Isolation, biofilm assay of monoculture strains and their effect on plant growth

Complex microbiota biofilms exposed to volatile MeJA were scraped off and resuspended in PBS. Through serial dilution, this inoculum was plated on soil extract agar, minimal media agar and LB agar. Colonies with unique morphology were picked and streaked onto a fresh LB plate to acquire single colonies. The isolated strains were identified using Sanger sequencing of the PCR product with the primers 27F and 11.

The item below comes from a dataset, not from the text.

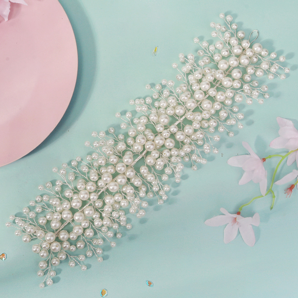 新款夸张珍珠新娘发带结婚头饰蜜月旅行写真发饰百搭婚纱礼服配饰

Their response to soluble MeJA was tested by directly adding MeJA to the monoculture inoculum (a final concentration of 5 nM). For both assays, biofilms were stained with crystal violet and quantified after 24 h, as explained in the biofilm staining protocol. The initial OD of the inoculum was 0.2.

To test the effect of isolated strains on plant growth from a distance, a bipartite assay was performed in which 50 µl of 0.2 OD inoculum was smeared on part of the plate, and three to five seedlings (4 d old) were placed in the other part of the plate without spatial contact. Plant growth was monitored noninvasively using photography. Leaf area was quantified using an ImageJ macro as described in the previous section.

Root colonization assay of bacterial isolate

The root colonization of the selected isolate was performed based on the method described here57 with some modifications. The surface-sterilized seeds of both WT and jmt mutant Arabidopsis were germinated axenically in 0.5× MS medium for 4 d. The 4-d-old seedlings were then transferred to new plates with soil extract medium (SEM) and kept in a growth room under a 16-h light/8-h dark regime at 21 °C. After 6 d, the plates were flooded with a bacterial culture resuspended (OD600-0.005) in sterile 10 mM MgCl2 with 0.001% Tween20. After 5 min, the individual plants were transferred to new plates with SEM and kept for another 5 d under the same growth conditions. Plants flooded with sterile 10 mM MgCl2 with 0.001% Tween20 without bacteria were used as controls.

To isolate and quantify the root-colonizing bacteria, roots of both WT and jmt plants were gently removed from the media and placed in 2 ml tubes. The roots from individual plants were weighed, rinsed and vortexed three times in 1 ml of sterile 10 mM MgCl2 to remove the root-associated microorganisms. The vortexed samples were then submitted to serial dilution at 1,000×. A volume of 50 ml of each dilution was plated onto LB agar plates. The colony-forming units (CFUs) were counted after 1 d of incubation at 37 °C and used to determine the original bacterial abundance per milligram of root tissue based on the root fresh weight and serial dilution used for counting.

Reporting summary

Further information on research design is available in the Nature Portfolio Reporting Summary linked to this article.